For example, specialist vendors will likely appeal to organizations with business processes pertaining to quintessential streaming data use cases such as stock trading, fraud detection, and e-commerce, as well as location, process, or health monitoring. Those with applications involving the industrial internet, the internet of things (IoT), edge computing, online advertising or adtech, web analytics, and financial markets may gravitate toward these solutions. For these use cases, data streaming is the principal means of ingesting data, messaging and event processing are the principal means for sharing data, and data streams are often the targets for landing the data.

The other types of vendors highlighted in this report offer streaming data capabilities within a wider ecosystem of product offerings, approaches, and methodologies. For instance, enterprise data management vendors incorporate their streaming data technologies alongside components for data quality, information governance, and data cataloging. With these solutions, streaming data tooling is simply one part of a larger framework.

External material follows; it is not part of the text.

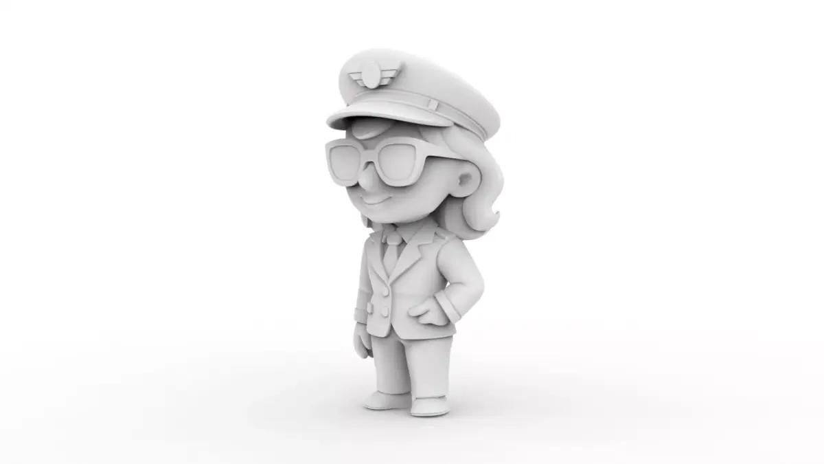 Take to the skies with the meticulously crafted Female Pilot 3D Printable model, a professional-quality character designed with exceptional detail and clean geometry to ensure flawless results. This cartoon-style pilot figure features iconic elements such as a pilot hat with a wings emblem, glasses, a suit, and a tie, all modeled with precision to bring your 3D printing projects to life.

Cloud vendors reviewed in this report tend to couple their streaming data services tightly with their offerings for storage, databases, and analytics applications. Data platform vendors typically ingrain their streaming data utility into tools for data lakes and ML. It’s essential for buyers to be aware of these differences in the way vendors position their streaming data solutions so they know how well those vendors will meet their requirements. Similarly, this foresight helps to prepare for specific use cases by revealing additional components with which organizations will need to integrate—as well as how to do it.

We review each data streaming platform included in this report against the same capabilities (key criteria) and non-functional requirements (evaluation metrics). Thus, despite the points of distinction in their viability for specific applications, these platforms are objectively reviewed in as much of an “apples-to-apples” comparison structure as is possible. How they measure up for specific organizations depends on those organizations’ use cases, their existing infrastructure, architecture of choice, and long-term and short-term goals.

This GigaOm Radar report highlights key streaming data platform vendors and equips IT decision-makers with the information needed to select the best fit for their business and use case requirements. In the corresponding GigaOm report “Key Criteria for Evaluating Streaming Data Platforms,” we describe in more detail the key features and metrics that are used to evaluate vendors in this market.

How to Read this Report

This GigaOm report is one of a series of documents that helps IT organizations assess competing solutions in the context of well-defined features and criteria. For a fuller understanding, consider reviewing the following reports:

Key Criteria report: A detailed market sector analysis that assesses the impact that key product features and criteria have on top-line solution characteristics—such as scalability, performance, and TCO—that drive purchase decisions.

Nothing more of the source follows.